Problem
Leaving out pictures, output exactly the lines below from the one that has "Dewalt DCK207P2T 18V" through the one that has "如今,西方媒体尤其是美国媒体", and nothing else.

[Data extracts Boundary: Start]

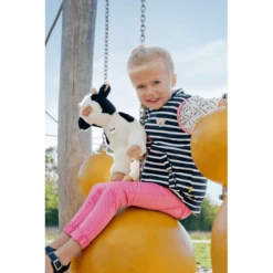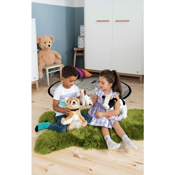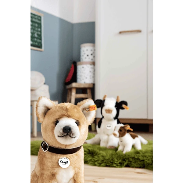 Luise de kalf is 32 cm hoog en gemaakt van een knuffelkalfje van zacht zwart en wit pluche. De hoeven en de zolen zijn beige. Ook de neus en de hoorns. Luise is erg trots op haar typische kapsel van langer crème pluche. Een plukje ervan siert ook het gezicht boven de neus. De roze tint op de neus maakt Luise’s vriendelijke uitstraling compleet. Na lang spelen op de boerderij ligt het kalf eerst tot rust te komen.
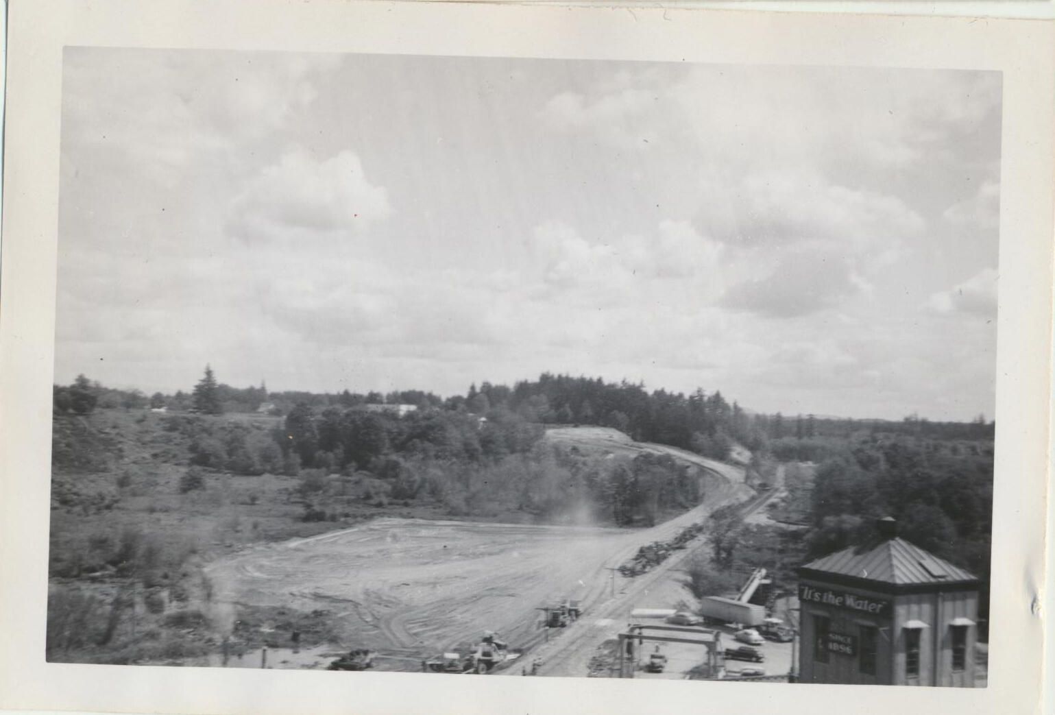 Print, photographic. 5 x 3 1/2 b&w. Construction of can line and warehouse on east side of main brewery and Carlyon Bridge. View of fill site. June 15, 1953.
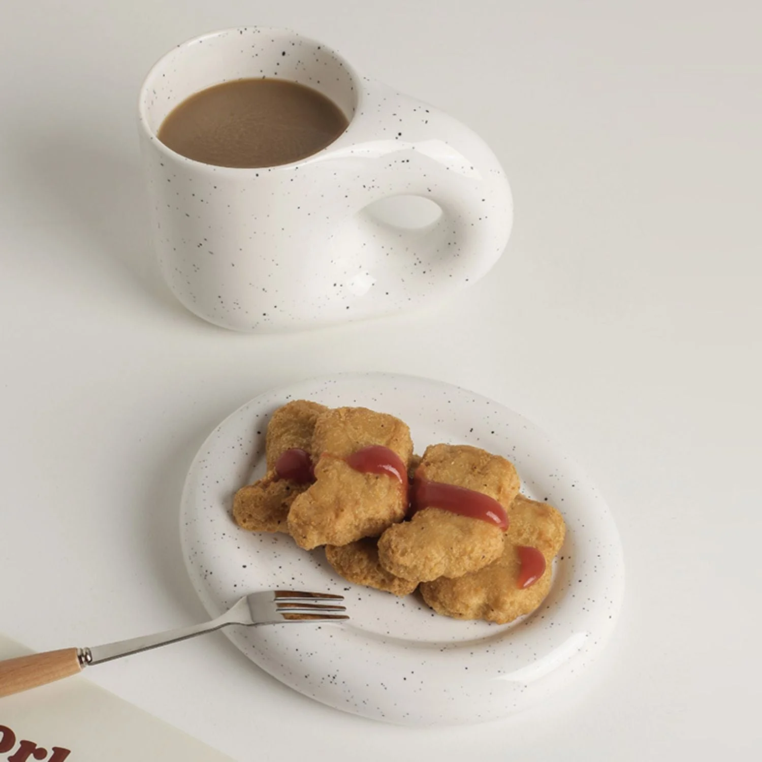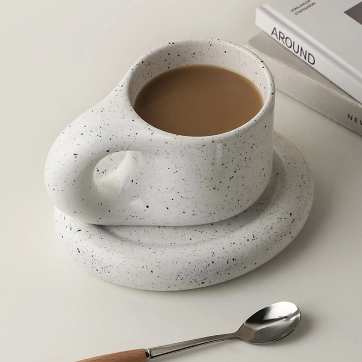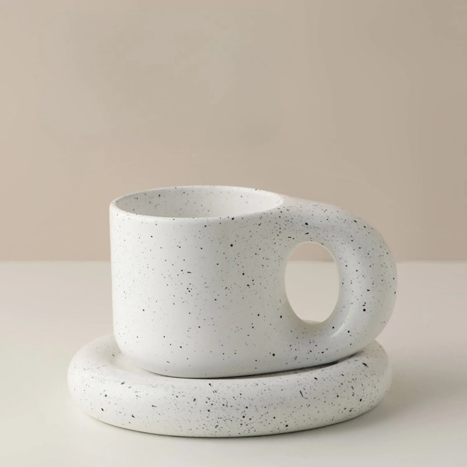 El diseño puede ser parte de tu hogar con este juego de Taza y Plato Cerámica 300ml estilo rústico. Crea un ambiente moderno y minimalista con los accesorios de tu casa o incluso en la oficina. Todos te preguntarán cómo obtener esta novedad. Su ergonomía contiene un mango grande para el sostén cómodo de la taza; su base es lisa y ancha para evitar vuelcos y marcas en la mesa. Incluye un plato de uso versátil para posar la taza o para postres y bocadillos. Su fabricación esmaltada y resistente permiten el uso cotidiano para el consumo de bebidas frías o calientes, es fácil de limpiar y de almacenar. Apta para lavavajillas. El regalo ideal para amigos y familia.
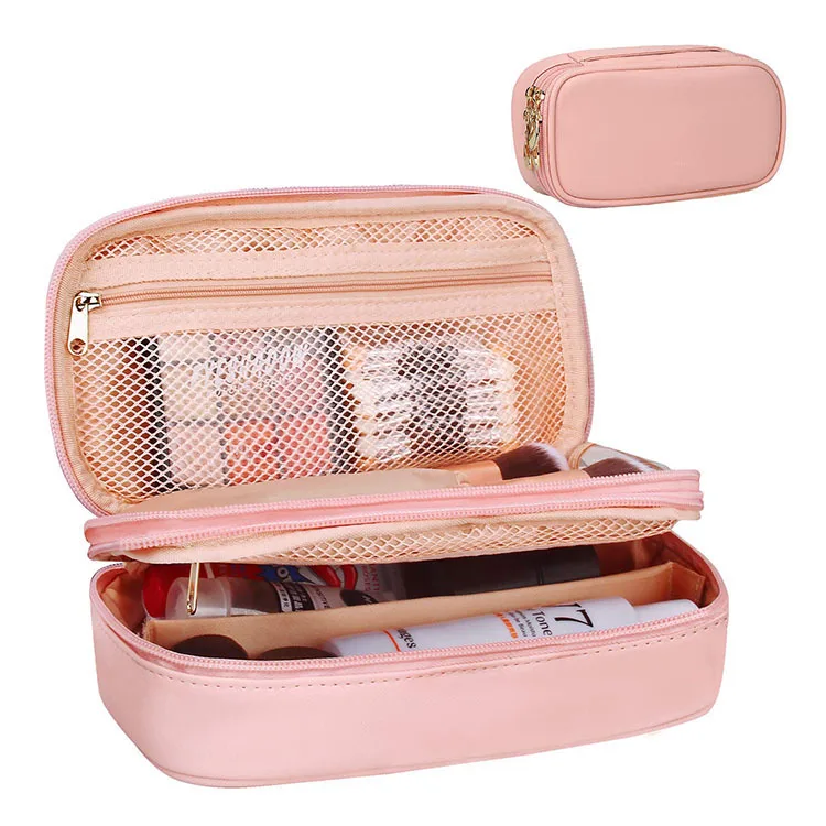 Travel Girls Portable 2 Layer Cosmetic Case Makeup Brush Organizer Bag
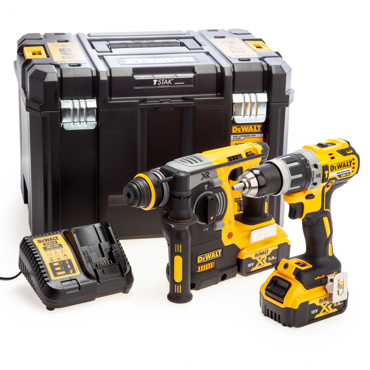 Dewalt DCK207P2T 18V XR SDS Plus Hammer & Combi Drill Twin Pack (2 x 5.0Ah Batteries) in TSTAK Box
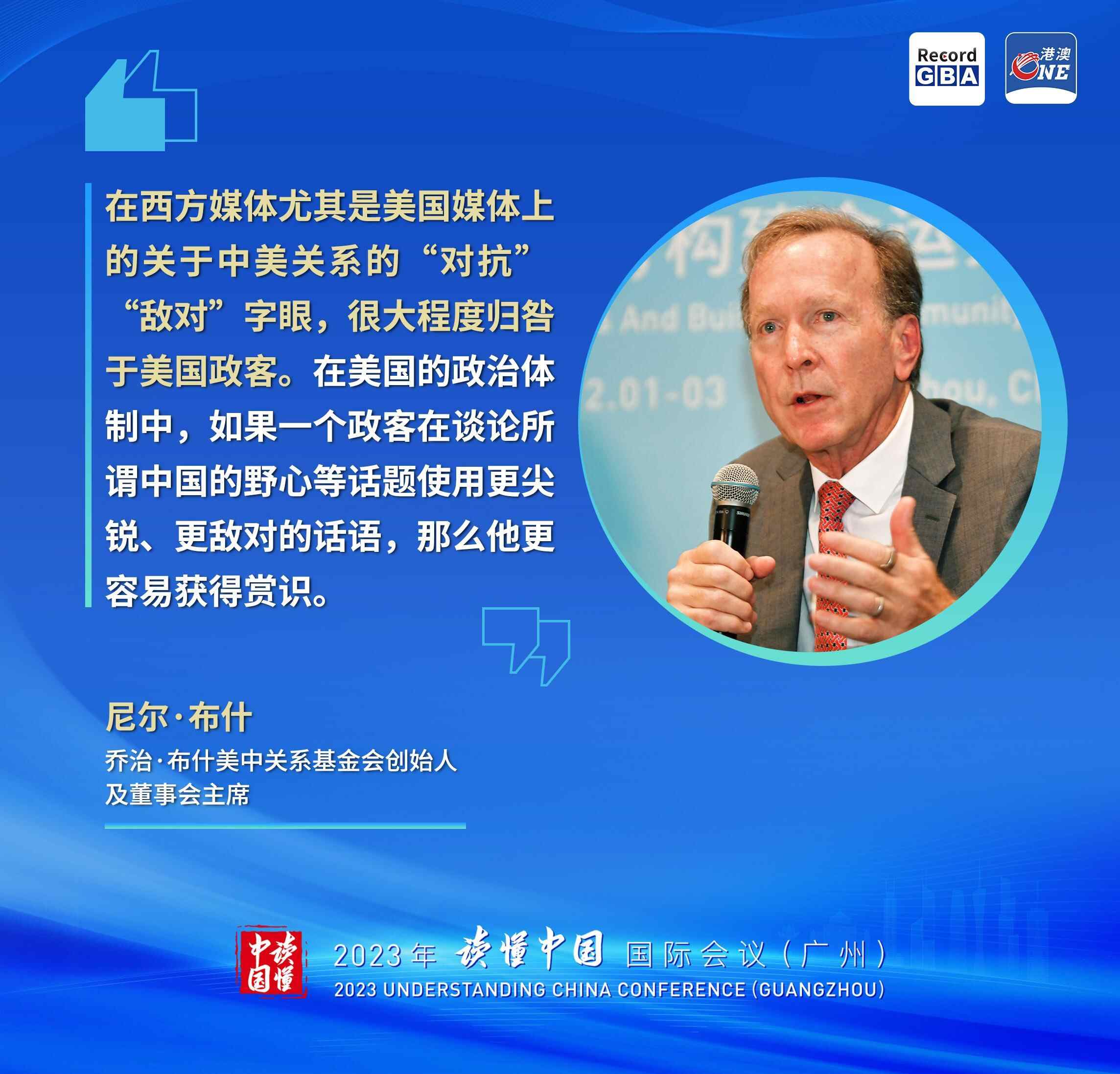 如今,西方媒体尤其是美国媒体上关于中美关系的描述,常出现“对抗”“敌对”等字眼。尼尔·布什坦言,这或许很大程度要归咎于美国政客。“在美国的政治体制中,如果一个政客在谈论所谓‘中国的野心’等话题时使用更尖锐的话语,那么他就更容易获得赏识。”
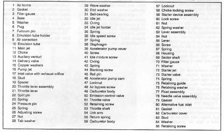 I just set them to about 10mm and use the caliper OD arms to check the float. The tabs that are illustrated on the above picture, in red, are what you bend. The red one is for the 10mm setting, and the blue one is for the other. When you do it, make sure you are measuring with the needle valve ball NOT compressed. One way to do this easy is turn the assembly sideways, so the float is rotating on the pin like a door on a hinge, and the tilt it so that the float is just resting on the ball, and then measure. Use the tabs to set the float correctly. Mine out of the box was about 14mm and 20mm which is way way off. Once done cleaning, reassembly is reverse of disassembly. Don't over tighten, and take your time. Jetting is another story. Hope this helps. This is a basic procedure for cleaning out the crap that gets in them at assembly time. Additional diagrams for parts reference (note this one is a little different, older Italian model with pever style accelerator pumps. It serves as a fair reference for the rest. |
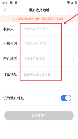 4、依次填写“收件人”“手机号码”“所在地区”“详细地址”等信息,确认后点击【保存并使用】按钮。

[Data extracts Boundary: End]

Reply
 Dewalt DCK207P2T 18V XR SDS Plus Hammer & Combi Drill Twin Pack (2 x 5.0Ah Batteries) in TSTAK Box
 如今,西方媒体尤其是美国媒体上关于中美关系的描述,常出现“对抗”“敌对”等字眼。尼尔·布什坦言,这或许很大程度要归咎于美国政客。“在美国的政治体制中,如果一个政客在谈论所谓‘中国的野心’等话题时使用更尖锐的话语,那么他就更容易获得赏识。”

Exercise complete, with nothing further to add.